** RECORDED INFORMATION **
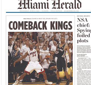 There’s a great photo on the front page of the Miami Herald this morning showing the Heat’s Ray Allen watches his three-point shot go in as he holds on the the jersey of opponent Tony Parker. The Heat muscled their way back during overtime last night, eking out a 103 to 100 win over the Spurs and forcing a seventh game. The Herald says last night’s game will be remembered as “the night Ray Allen bailed out LeBron James and Dwyane Wade.”
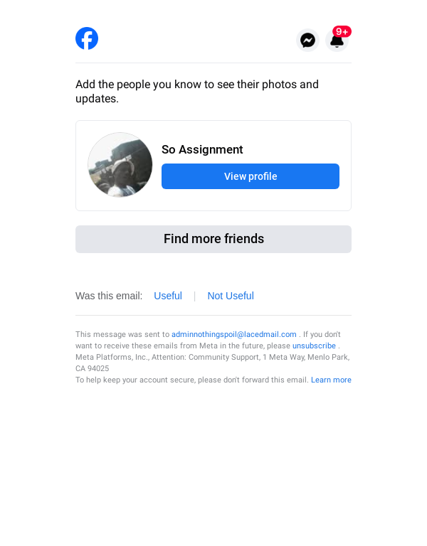 To: adminnothingspoil@lacedmail.com From: friendsuggestion@facebookmail.com Received: 2026-01-25 12:22:23.165570
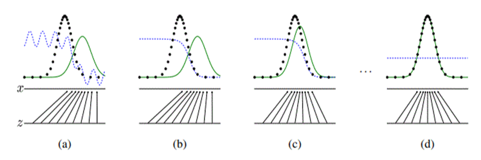 - (a): 학습초기에는 real과 fake의 분포가 전혀 다름. D의 성능도 썩 좋지 않음
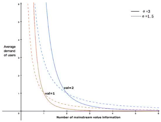 represents the evaluation factor of the news aggregation platform, which depends on the platform’s reputation, the quality of information, etc. The value represents the amount of mainstream value information on a page of the news aggregation platform. At present, the size of mainstream mobile phones is generally more than 6 inches. If we consider the default font size, each page of a news platform can generally display 3–6 pieces of information depending on the information type. In the experiment, we set the value range of between 0 and 6. It should be noted that the value of may be less than 1. For example, if the = 0.5, it means that every two pages pushes a piece of mainstream value information. As shown in Figure 3 and Figure 4, different user groups have different demands for mainstream value information, which means different user groups have different sensitivity levels to mainstream value information. As such, the parameter can indicate the sensitivity of the user group to mainstream value information.
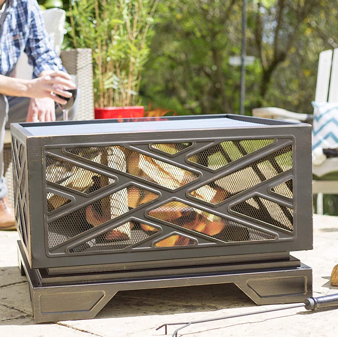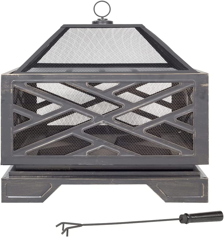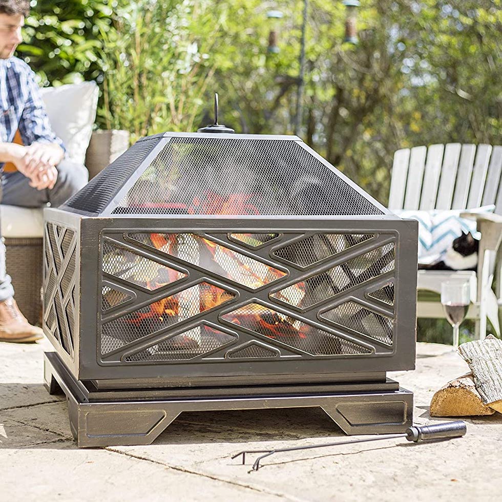 The Brooklyn firepit includes chrome plated cooking grill, mesh lid & safety tool.
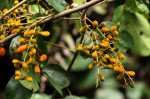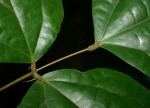 A twining liane or scandent shrub.Young branches, leaf-rhachis, and undersides of leaves with brownish stellate hairs, turning glabrescent with age. Leaves 3-foliolate, 3-veined from the base; petiolules swollen. Flowers in sweetly scented, terminal panicles, white, with the calyx densely covered in stellate and glandular hairs. Fruits obovoid, brown-red when ripe, covered in stellate hairs. Seeds with an orange aril.
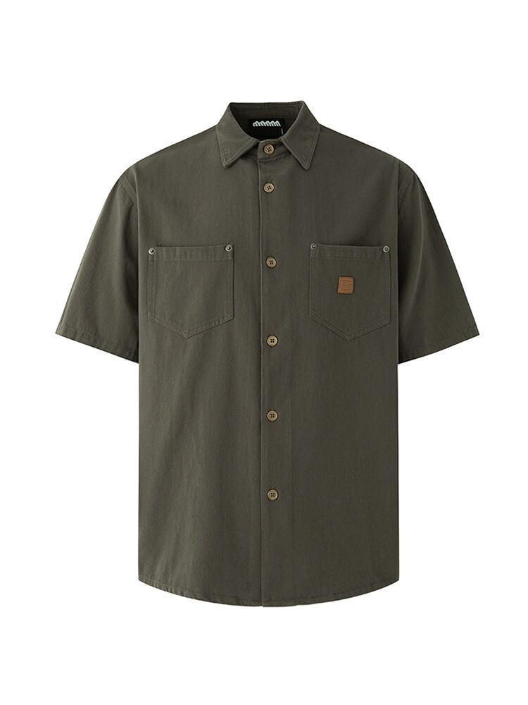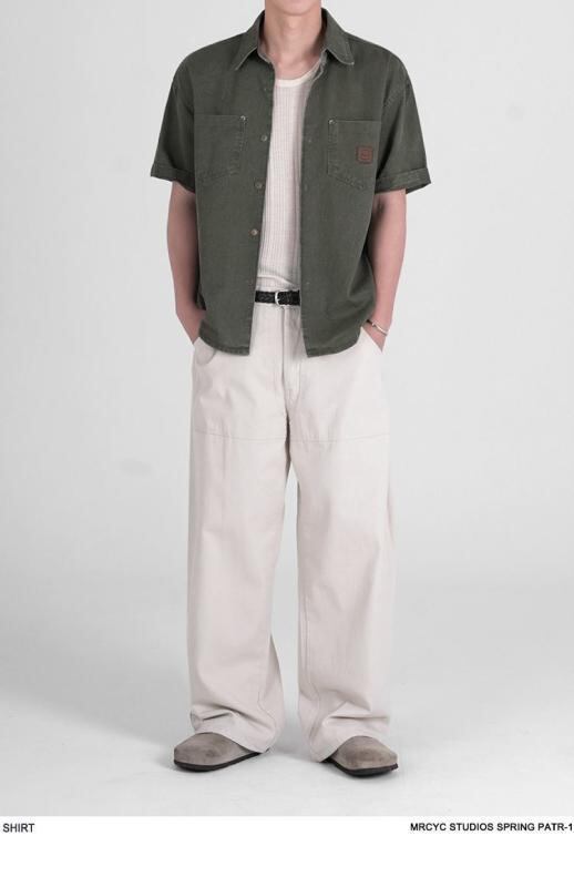 シャツ メンズ 半袖 夏物 レトロ ワークシャツ カジュアル ゆったり ルーズフィット オーバーサイズ 韓国風ファッション 通勤 オフィス 普段使い 無地 薄手 軽量 綿 コットン 耐摩耗性 カーキ グレーグリーン
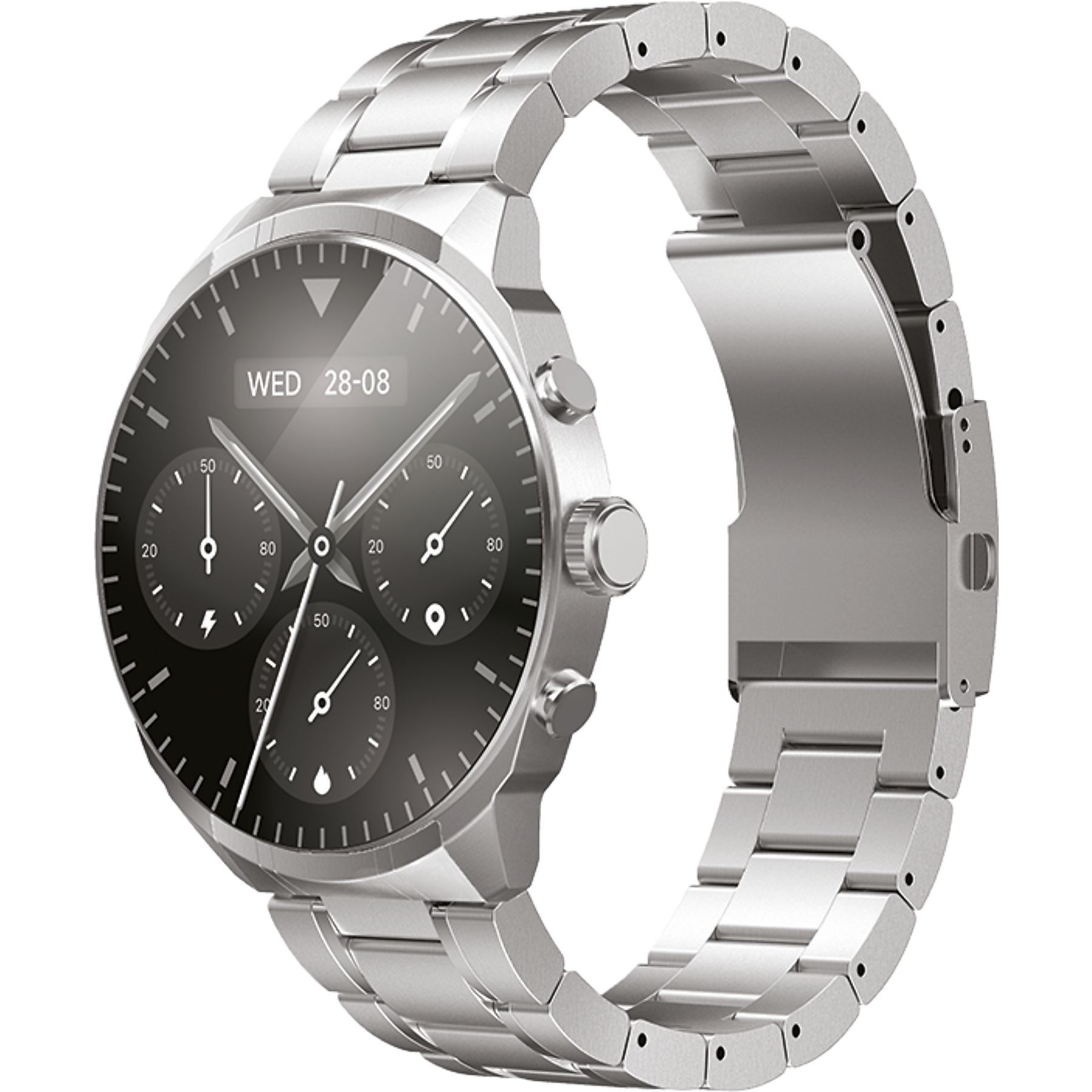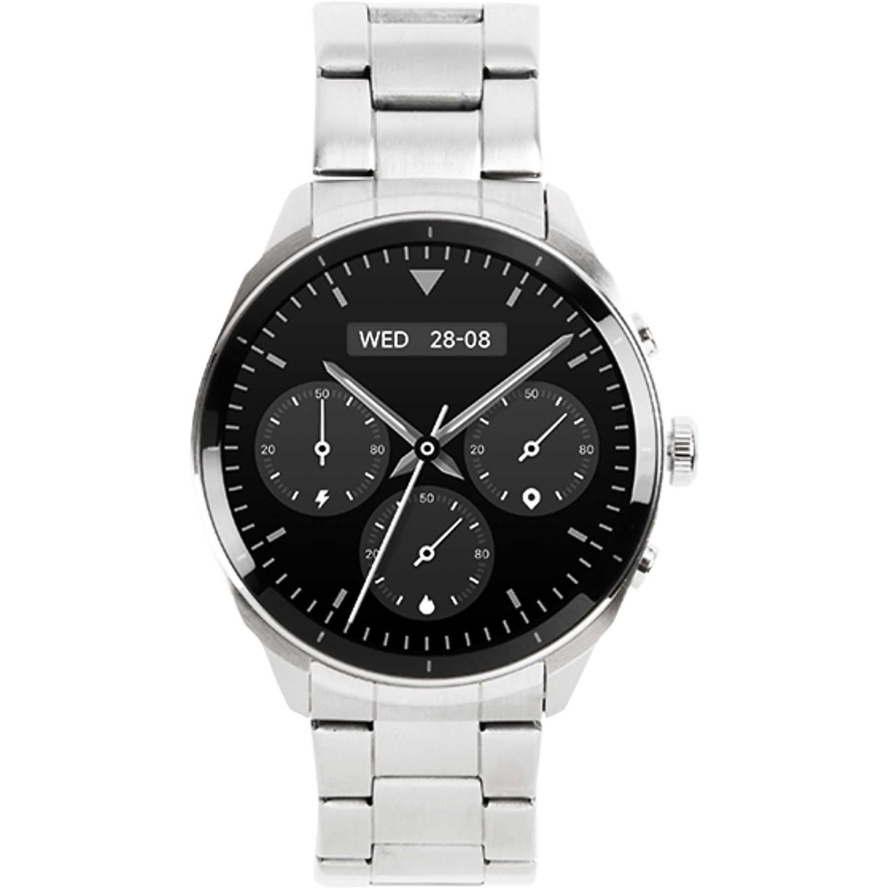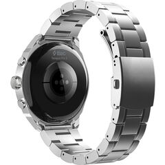 Корпус диаметром сорок пять миллиметров, выполненный из качественного металла в классическом серебристом оттенке, говорит о вашем чувстве стиля и внимании к деталям. Такой же металлический браслет длиной двести шестьдесят миллиметров обеспечивает комфортную посадку на запястье и завершает целостный образ, подчеркивая статусность устройства. Несмотря на использование долговечных материалов, часы остаются удивительно компактными: их габариты составляют 45 на 45 на 12 миллиметров, что делает их удобными для ношения в любой ситуации.

** PROBLEM **
When you repeat the listing, keep it exact and leave the pictures behind.

** ANSWER TO THIS TASK **
 There’s a great photo on the front page of the Miami Herald this morning showing the Heat’s Ray Allen watches his three-point shot go in as he holds on the the jersey of opponent Tony Parker. The Heat muscled their way back during overtime last night, eking out a 103 to 100 win over the Spurs and forcing a seventh game. The Herald says last night’s game will be remembered as “the night Ray Allen bailed out LeBron James and Dwyane Wade.”
 To: adminnothingspoil@lacedmail.com From: friendsuggestion@facebookmail.com Received: 2026-01-25 12:22:23.165570
 - (a): 학습초기에는 real과 fake의 분포가 전혀 다름. D의 성능도 썩 좋지 않음
 represents the evaluation factor of the news aggregation platform, which depends on the platform’s reputation, the quality of information, etc. The value represents the amount of mainstream value information on a page of the news aggregation platform. At present, the size of mainstream mobile phones is generally more than 6 inches. If we consider the default font size, each page of a news platform can generally display 3–6 pieces of information depending on the information type. In the experiment, we set the value range of between 0 and 6. It should be noted that the value of may be less than 1. For example, if the = 0.5, it means that every two pages pushes a piece of mainstream value information. As shown in Figure 3 and Figure 4, different user groups have different demands for mainstream value information, which means different user groups have different sensitivity levels to mainstream value information. As such, the parameter can indicate the sensitivity of the user group to mainstream value information.
 The Brooklyn firepit includes chrome plated cooking grill, mesh lid & safety tool.
 A twining liane or scandent shrub.Young branches, leaf-rhachis, and undersides of leaves with brownish stellate hairs, turning glabrescent with age. Leaves 3-foliolate, 3-veined from the base; petiolules swollen. Flowers in sweetly scented, terminal panicles, white, with the calyx densely covered in stellate and glandular hairs. Fruits obovoid, brown-red when ripe, covered in stellate hairs. Seeds with an orange aril.
 シャツ メンズ 半袖 夏物 レトロ ワークシャツ カジュアル ゆったり ルーズフィット オーバーサイズ 韓国風ファッション 通勤 オフィス 普段使い 無地 薄手 軽量 綿 コットン 耐摩耗性 カーキ グレーグリーン
 Корпус диаметром сорок пять миллиметров, выполненный из качественного металла в классическом серебристом оттенке, говорит о вашем чувстве стиля и внимании к деталям. Такой же металлический браслет длиной двести шестьдесят миллиметров обеспечивает комфортную посадку на запястье и завершает целостный образ, подчеркивая статусность устройства. Несмотря на использование долговечных материалов, часы остаются удивительно компактными: их габариты составляют 45 на 45 на 12 миллиметров, что делает их удобными для ношения в любой ситуации.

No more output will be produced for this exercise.